Some advanced studies exploring different algorithms and their relation to probabilistic models of the Minesweeper can be seen in the paper “Optimistic Heuristics for MineSweeper” by O. Buffet, Ch.-Sh. Lee, W. Lin, O. Teytaud,
or in the paper by M. Sebag and O. Teytaud “Combining Myopic Optimization and Tree Search: Application to MineSweeper”.
As for games like minesweeper in general, some of them were found to be connected with percolation theory (which is one of the most fashionable branches of probability at the moment), as well as with Markov decision processes, and computational complexity studies.
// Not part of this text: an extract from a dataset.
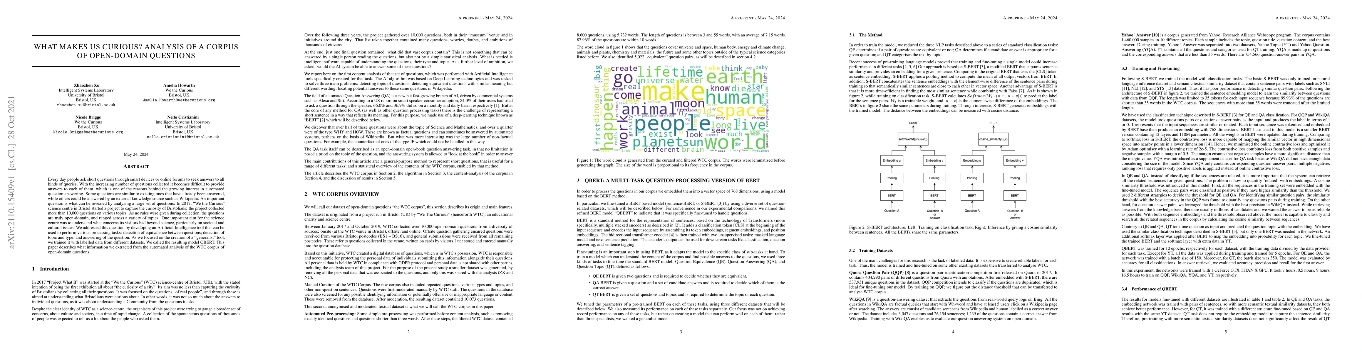 Every day people ask short questions through smart devices or online forums to seek answers to all kinds of queries. With the increasing number of questions collected it becomes difficult to provide answers to each of them, which is one of the reasons behind the growing interest in automated question answering. Some questions are similar to existing ones that have already been answered, while others could be answered by an external knowledge source such as Wikipedia. An important question is what can be revealed by analysing a large set of questions. In 2017, "We the Curious" science centre in Bristol started a project to capture the curiosity of Bristolians: the project collected more than 10,000 questions on various topics. As no rules were given during collection, the questions are truly open-domain, and ranged across a variety of topics. One important aim for the science centre was to understand what concerns its visitors had beyond science, particularly on societal and cultural issues. We addressed this question by developing an Artificial Intelligence tool that can be used to perform various processing tasks: detection of equivalence between questions; detection of topic and type; and answering of the question. As we focused on the creation of a "generalist" tool, we trained it with labelled data from different datasets. We called the resulting model QBERT. This paper describes what information we extracted from the automated analysis of the WTC corpus of open-domain questions.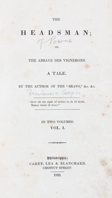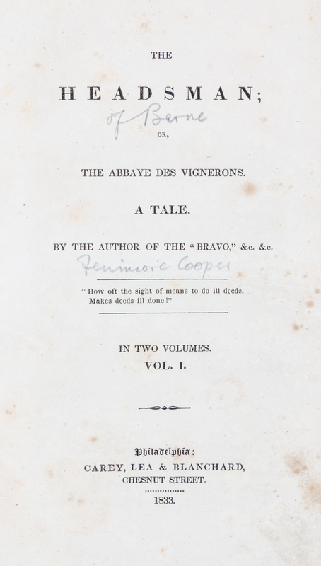 Two works.The Water Witch; or, The Skimmer of the Seas a Tale. London: Henry Colburn and Richard Bentley, 1830. 3 vols. First British edition[Together with:]The Headsman or The Abbaye des Vignerons. Philadelphia: Carey, Lea and Blanchard, 1833. 2 vols. First American edition.

A good example of research in this direction is a paper “The Minesweeper game: Percolation and Complexity” written by Elchanan Mossel from Microsoft Research.
In fact, the minesweeper is one of the classical board puzzles based on algebras of binary variables. Algorithmic solutions to these problems are typically sought with the use of integer linear programming. Unlike simple linear programming, integer programming problems are typically NP-hard. This is true even for binary integer programming where variables can only be 0 or 1 rather than arbitrary integers.
This transforms into the fact that, in its general formulation, the minesweeper is indeed algorithmically NP-complete. However, there is an argument that, if the minesweeper board is already known to be consistent, solving it is only guaranteed to be co-NP-complete, and might be (or not be) NP-complete.
And here is the raining defending Minesweeper world rekord holder Kamil Muranski performs his skillful play. Not sure if his brain is using integer linear programming or not 🙂